Given records:
___

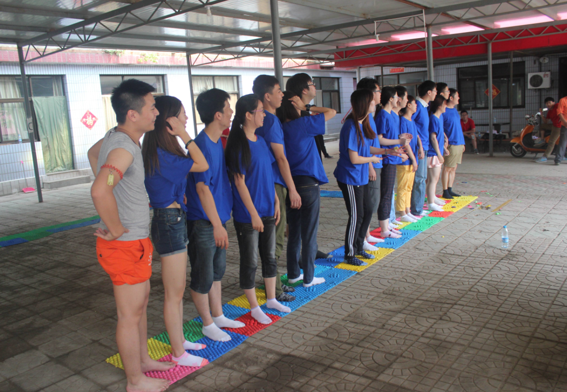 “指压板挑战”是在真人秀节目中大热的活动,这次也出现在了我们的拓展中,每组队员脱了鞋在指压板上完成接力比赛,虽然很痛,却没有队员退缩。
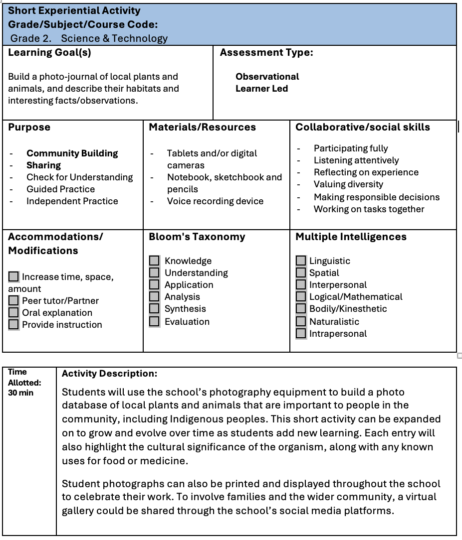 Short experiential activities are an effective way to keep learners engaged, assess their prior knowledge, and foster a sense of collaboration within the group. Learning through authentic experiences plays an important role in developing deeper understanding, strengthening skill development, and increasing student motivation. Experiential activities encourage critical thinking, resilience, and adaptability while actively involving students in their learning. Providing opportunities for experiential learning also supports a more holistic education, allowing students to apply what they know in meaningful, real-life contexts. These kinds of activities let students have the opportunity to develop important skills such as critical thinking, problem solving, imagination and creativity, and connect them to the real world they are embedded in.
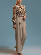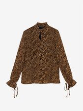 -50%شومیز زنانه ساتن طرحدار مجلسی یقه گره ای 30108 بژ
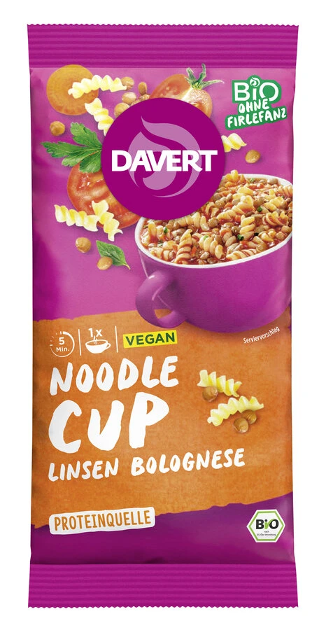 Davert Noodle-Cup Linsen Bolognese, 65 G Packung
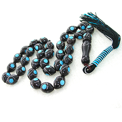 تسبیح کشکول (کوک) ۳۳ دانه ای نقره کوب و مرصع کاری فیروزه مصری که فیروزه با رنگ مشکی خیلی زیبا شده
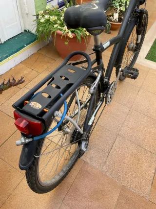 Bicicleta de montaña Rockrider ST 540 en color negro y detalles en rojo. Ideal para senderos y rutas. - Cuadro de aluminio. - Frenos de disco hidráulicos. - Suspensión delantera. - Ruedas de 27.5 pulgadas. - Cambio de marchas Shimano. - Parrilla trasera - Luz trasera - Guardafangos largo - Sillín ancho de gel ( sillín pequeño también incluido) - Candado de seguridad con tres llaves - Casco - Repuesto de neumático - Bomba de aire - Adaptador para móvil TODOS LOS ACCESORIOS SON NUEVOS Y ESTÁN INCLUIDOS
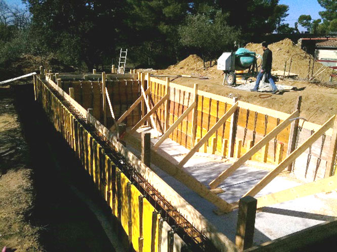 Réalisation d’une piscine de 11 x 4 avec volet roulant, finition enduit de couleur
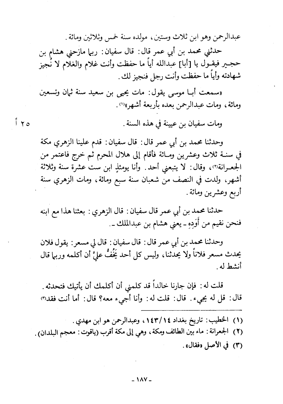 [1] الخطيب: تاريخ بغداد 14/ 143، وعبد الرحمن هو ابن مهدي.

___

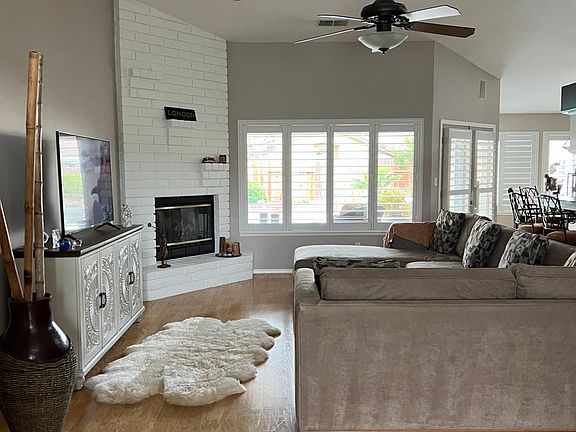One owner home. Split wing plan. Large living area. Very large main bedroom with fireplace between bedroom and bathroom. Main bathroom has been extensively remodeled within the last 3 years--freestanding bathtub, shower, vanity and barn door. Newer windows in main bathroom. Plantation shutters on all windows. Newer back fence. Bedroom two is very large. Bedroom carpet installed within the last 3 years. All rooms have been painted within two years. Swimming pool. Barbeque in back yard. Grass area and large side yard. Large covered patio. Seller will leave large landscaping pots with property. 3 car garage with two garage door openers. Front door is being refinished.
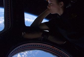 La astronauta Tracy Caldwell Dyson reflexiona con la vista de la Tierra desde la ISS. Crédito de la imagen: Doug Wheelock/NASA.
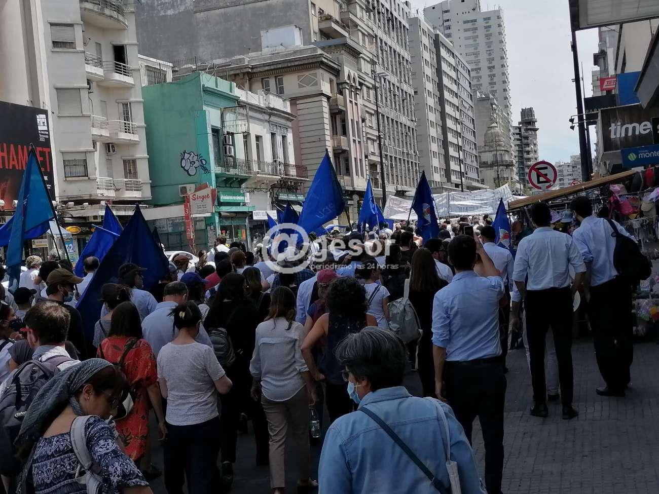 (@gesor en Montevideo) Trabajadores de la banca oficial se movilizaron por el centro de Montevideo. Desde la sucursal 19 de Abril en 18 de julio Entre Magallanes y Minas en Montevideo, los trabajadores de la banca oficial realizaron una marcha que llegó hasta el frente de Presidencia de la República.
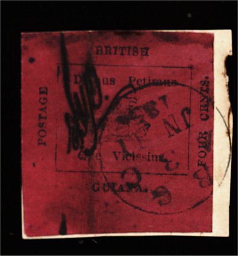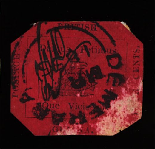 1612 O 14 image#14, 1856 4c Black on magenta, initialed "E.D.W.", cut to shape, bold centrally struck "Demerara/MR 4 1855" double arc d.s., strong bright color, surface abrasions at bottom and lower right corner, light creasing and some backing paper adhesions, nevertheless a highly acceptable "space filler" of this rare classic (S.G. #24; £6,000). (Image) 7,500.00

___

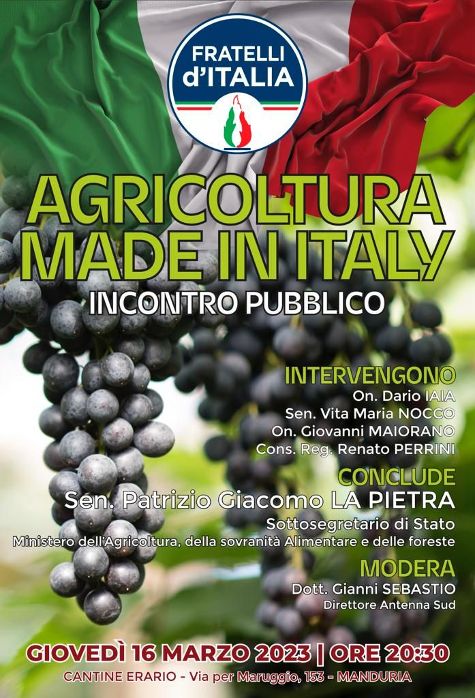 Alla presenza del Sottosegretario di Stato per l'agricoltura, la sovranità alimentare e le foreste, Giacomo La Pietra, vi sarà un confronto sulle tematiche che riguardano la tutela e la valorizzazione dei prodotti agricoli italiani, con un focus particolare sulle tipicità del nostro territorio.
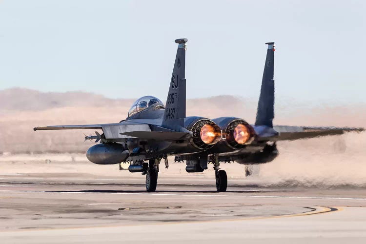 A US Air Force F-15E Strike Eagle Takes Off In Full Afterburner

___

Exercise requirements:
Using the records above, return verbatim only the part that opens with the line containing "Davert Noodle-Cup Linsen" and closes with the line containing "[1] الخطيب: تاريخ"; pictures stay out.

Response area:
 Davert Noodle-Cup Linsen Bolognese, 65 G Packung
 تسبیح کشکول (کوک) ۳۳ دانه ای نقره کوب و مرصع کاری فیروزه مصری که فیروزه با رنگ مشکی خیلی زیبا شده
 Bicicleta de montaña Rockrider ST 540 en color negro y detalles en rojo. Ideal para senderos y rutas. - Cuadro de aluminio. - Frenos de disco hidráulicos. - Suspensión delantera. - Ruedas de 27.5 pulgadas. - Cambio de marchas Shimano. - Parrilla trasera - Luz trasera - Guardafangos largo - Sillín ancho de gel ( sillín pequeño también incluido) - Candado de seguridad con tres llaves - Casco - Repuesto de neumático - Bomba de aire - Adaptador para móvil TODOS LOS ACCESORIOS SON NUEVOS Y ESTÁN INCLUIDOS
 Réalisation d’une piscine de 11 x 4 avec volet roulant, finition enduit de couleur
 [1] الخطيب: تاريخ بغداد 14/ 143، وعبد الرحمن هو ابن مهدي.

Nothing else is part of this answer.